Autumn helped to start up and establish the LGBTQI+ group at Farfetch, driven by her passion to improve visibility worldwide for the community.
“We started organising the network at Farfetch informally before Pride and then used Pride In London in June as a kick-off point. We are now beginning to grow the group and set up work policies.”
Since launching the LGBTQI+ group at Farfetch, other Employee Networks Groups have been established. These communities are an important part of our mission to create a consciously inclusive environment for everyone and a reflection of our company culture and values.
Although the network is in the nascent stages, it has had a big impact on employees. Building on the momentum of the first year and establishing a network in offices across the world is high on Autumn’s priority list.
“Portugal, London, New York and LA participated in Pride this year, but to see that grow and have established communities in other offices would be great. I was so passionate about starting the group and it’s important you shouldn’t assume that just because you are in a cosmopolitan city, or a progressive company – or even a liberal country – that it’s not needed. People are at all different stages of their journey.”

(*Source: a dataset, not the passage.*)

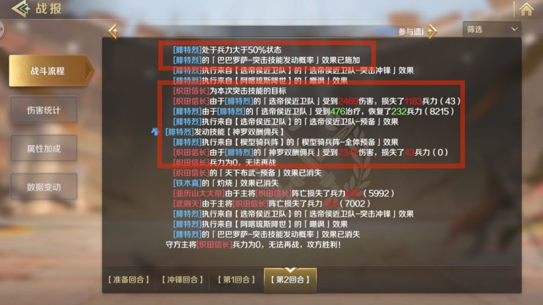 当战魂腓特烈每次发动突击技能时,【选帝侯近卫队】可以非常稳定的执行跟伤效果,对织田信长进行高额输出,最后织田信长由于一系列的破甲效果和单点输出,仅2回合就暴毙,我方轻松取胜。
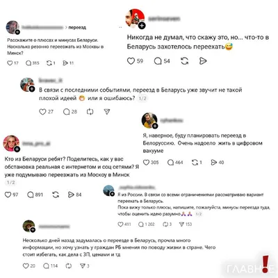⚡️ Россияне массово интересуются переездом в Беларусь На фоне блокировок интернета в России многие рассматривают Беларусь для ПМЖ. Обсуждаем эту новость в чате «Белорусы в России». Здесь более тысяч

The impact of the network shows. Autumn has already met somebody who came out at the company who wasn’t out before Pride, but came out because of Pride and the activities surrounding it.
“That happened in a tech/fashion company in London, that just shows you there are people everywhere that can benefit from visibility and support. If you want to create a community, you can start it yourself, and you can take the first step.
“I knew how important it was early in my career to see myself represented in the rest of the company and to know I was accepted and safe. So it’s really important to me that Farfetch’s culture creates a diverse and inclusive environment for everyone.”